* **Source material**:
--- START ---
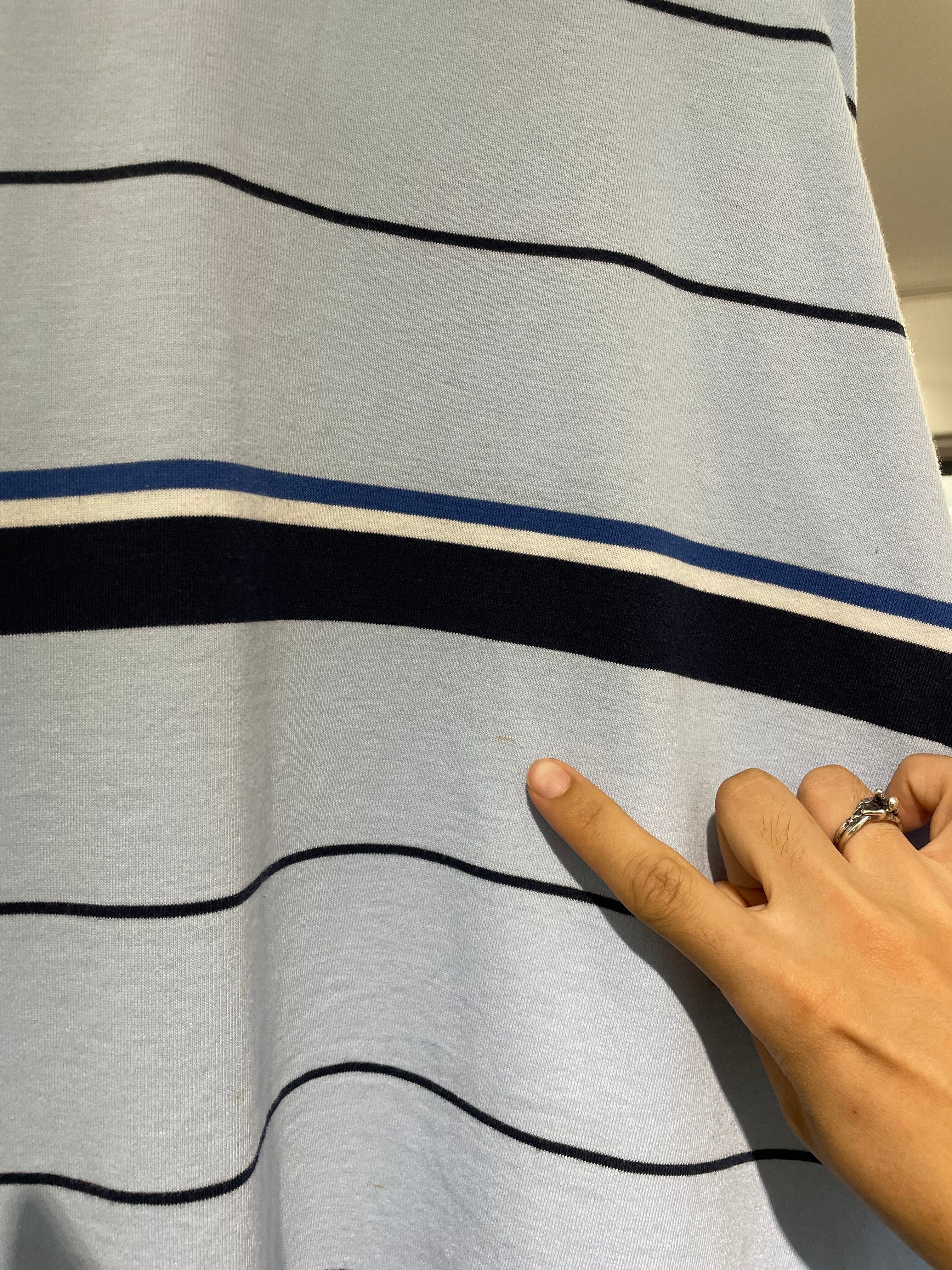 主体であるサックスブルーの明るさを守ったままボーダーのナイスアクセント。
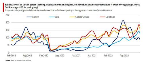 同比增幅之所以上升,部分是由于“基数效应”,2022年1月,奥密克戎的蔓延对服务业支出(尤其是旅游业)造成了冲击。因此,美银预计,美国家庭的信用卡和借记卡消费的同比增速将很快放缓。
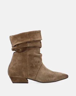 Brązowebotki damskie zamszowe o wyjątkowo kobiecym kroju. Miękka, marszczona cholewka z szerokim wsuwanym wykończeniem dodaje im lekkości i stylu. Noski w szpic z delikatnym przetarciem podkreślają modny, vintageowy charakter. Model bez zapięcia gwarantuje wygodę, a niski, stabilny obcas sprawia, że to idealne botki na co dzień i na wieczorne wyjścia. Świetnie komponują się zarówno z jeansami, jak i sukienką.
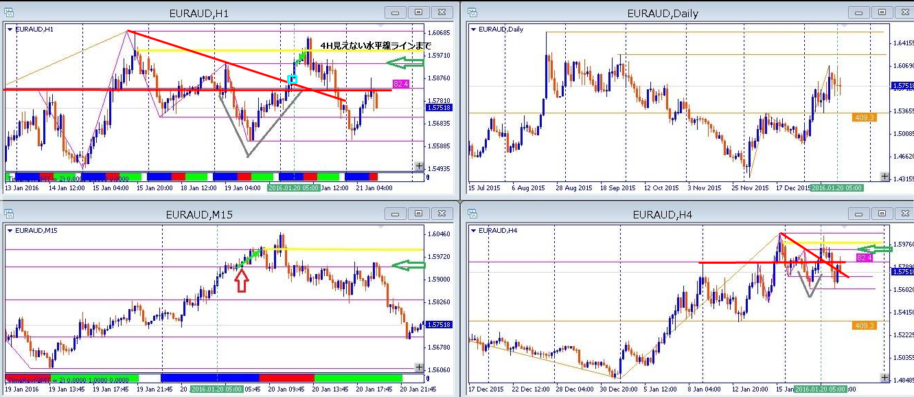 さて、エグジットポイントですが、頂いたチャートを使わせてもらうと、下図の4H黄色ラインになります。
--- END ---
* **Exercise prompt**: Word for word, return the material, omitting the pictures.

* **Response area**:
 主体であるサックスブルーの明るさを守ったままボーダーのナイスアクセント。
 同比增幅之所以上升,部分是由于“基数效应”,2022年1月,奥密克戎的蔓延对服务业支出(尤其是旅游业)造成了冲击。因此,美银预计,美国家庭的信用卡和借记卡消费的同比增速将很快放缓。
 Brązowebotki damskie zamszowe o wyjątkowo kobiecym kroju. Miękka, marszczona cholewka z szerokim wsuwanym wykończeniem dodaje im lekkości i stylu. Noski w szpic z delikatnym przetarciem podkreślają modny, vintageowy charakter. Model bez zapięcia gwarantuje wygodę, a niski, stabilny obcas sprawia, że to idealne botki na co dzień i na wieczorne wyjścia. Świetnie komponują się zarówno z jeansami, jak i sukienką.
 さて、エグジットポイントですが、頂いたチャートを使わせてもらうと、下図の4H黄色ラインになります。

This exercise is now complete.